If you’re unhappy with health care, you’re obviously not alone.  For most people, the problem isn’t availability.  The problem is cost – cost of treatment, cost of prescriptions, cost of insurance, or cost of paying for the uninsured.

For more than 60 years, government has tinkered with the way we pay for health care.  Unfortunately, when government "solutions" fail, lawmakers rarely admit their mistakes and go back to square one.  Instead, they layer more dubious solutions on top of those that failed until the problem becomes so intractable that far more people suffer from the solution than from the original problem.

Last year, the state legislature created the Blue Ribbon Commission (BRC) on Health Care Reform and charged it with divining a proposal to expand coverage, reduce the number of uninsured and decrease costs.  (After that, curing cancer should be a snap.)

A final recommendation is due this November, but the BRC now appears headed toward a nightmare "solution" consisting of higher taxes, lower wages and fewer choices.

The commission chairman says the state may have to resort to a tax increase.  Meanwhile, three of the four proposals still under final consideration include mandates to require all Colorado residents to purchase health insurance or all employers to buy insurance for their employees.

While the BRC could do many things to modestly improve Colorado’s health care climate, coercing everyone to purchase a government-approved health plan isn’t one of them.  Such a mandate takes away from consumers the power to select the coverage that best fits their unique needs and budget.

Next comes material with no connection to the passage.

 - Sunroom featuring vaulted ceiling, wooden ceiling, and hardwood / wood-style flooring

Employers don’t mind helping their employees pay for insurance, but they don’t want to pick their policy for them.  You wouldn’t want your employer to buy groceries for everyone at work from a one-size-fits-all shopping list — and deduct the cost from your paycheck.  So why do we accept the notion that employers should pick our health insurance coverage using that very model?

The only reason employers provide health insurance, rather than simply giving you the money to buy it yourself, is the federal tax code.  Purchasing health insurance is tax deductible for employers; for employees, it’s not.  If your employer simply reimbursed your for your premiums, the IRS would tax the reimbursement.

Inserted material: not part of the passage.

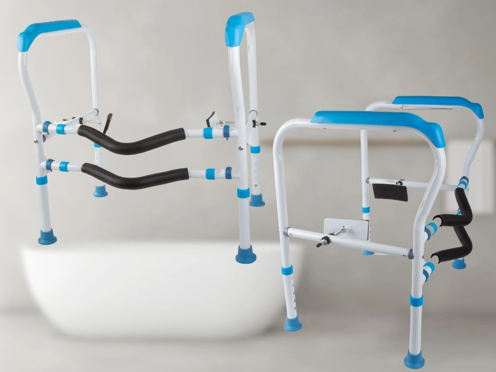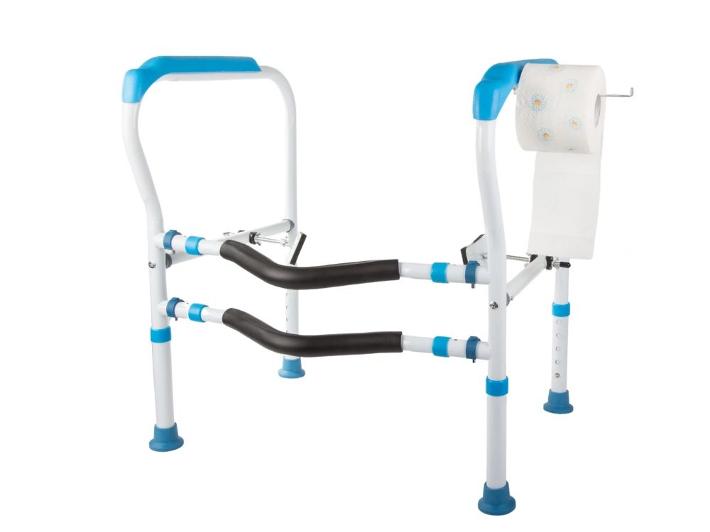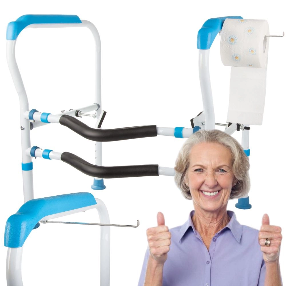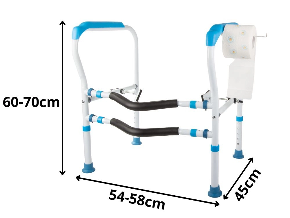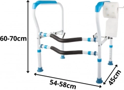 Nous vous proposons une poignée de WC universelle avec hauteur et largeur réglables, idéale pour différentes tailles de toilettes. La conception assure une stabilité et une sécurité d'utilisation grâce aux pieds et poignées antidérapants.

Although state lawmakers cannot change the federal tax code, they can certainly tell our congressional delegation that equal tax treatment of health insurance premiums is imperative.

Another practical reason to resist an employer-purchase mandate is job creation and competition.

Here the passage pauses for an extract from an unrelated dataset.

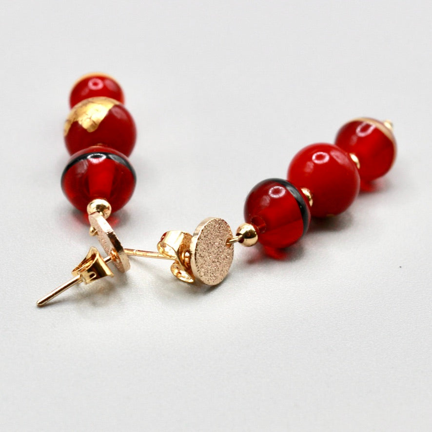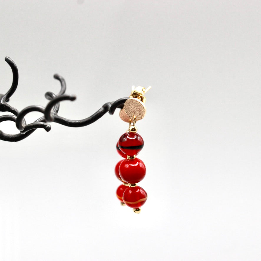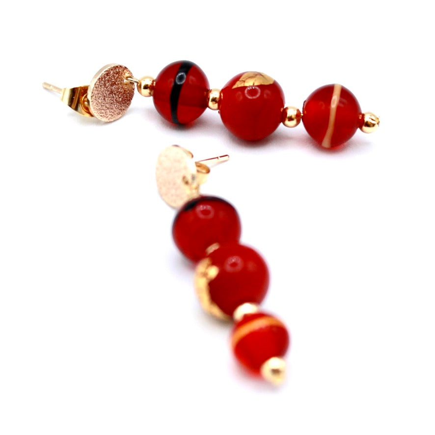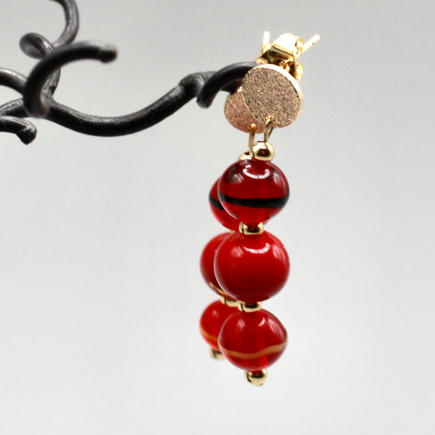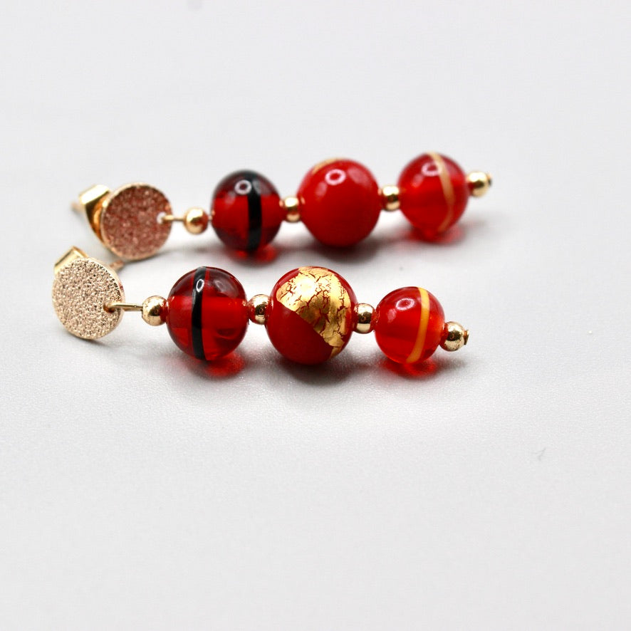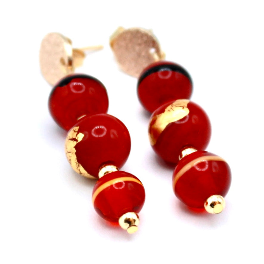 Boucles puces dorées à l'or fin Murano Rouge Alice

Most employers recognize that providing health insurance is crucial to attracting and retaining qualified workers.  However, every job has a value based on the goods and services that a worker produces.  If a worker’s production is worth $10 an hour and the job currently pays $9.00 an hour, even a bare bones health insurance plan will drive up the cost of employment by at least $1 an hour.

When low-skill, low-wage jobs no longer pay their own way, businesses have no choice but to consider eliminating, automating or relocating them out-of-state or overseas.

On the other hand, a mandate requiring all individuals to purchase health insurance initially sounds like a reasonable step toward personal responsibility.  

However, such a mandate takes the power to shape the marketplace away from Colorado families and gives it instead to politicians and bureaucrats.  Rather than tailor policies to please customers, insurance companies and special interests will lobby lawmakers to force you to buy the products they prefer.

Moreover, government notoriously underestimates the cost when you and I are paying the bill.  In Massachusetts, officials predicted that mandatory coverage could be purchased for $200 a month; now, it’s closer to $400.  Worse still, many residents who were already covered by insurance now must buy a more expensive policy to satisfy the state’s expensive standard.

Colorado’s health care climate didn’t get into this mess overnight.  Lawmakers and the Blue Ribbon Commission should view reform as a long-term commitment, set modest expectations, and proceed carefully.

If, instead, they are bound and determined to hold a press conference to declare the problem solved, the rest of us will be paying the bill until the next commission comes along.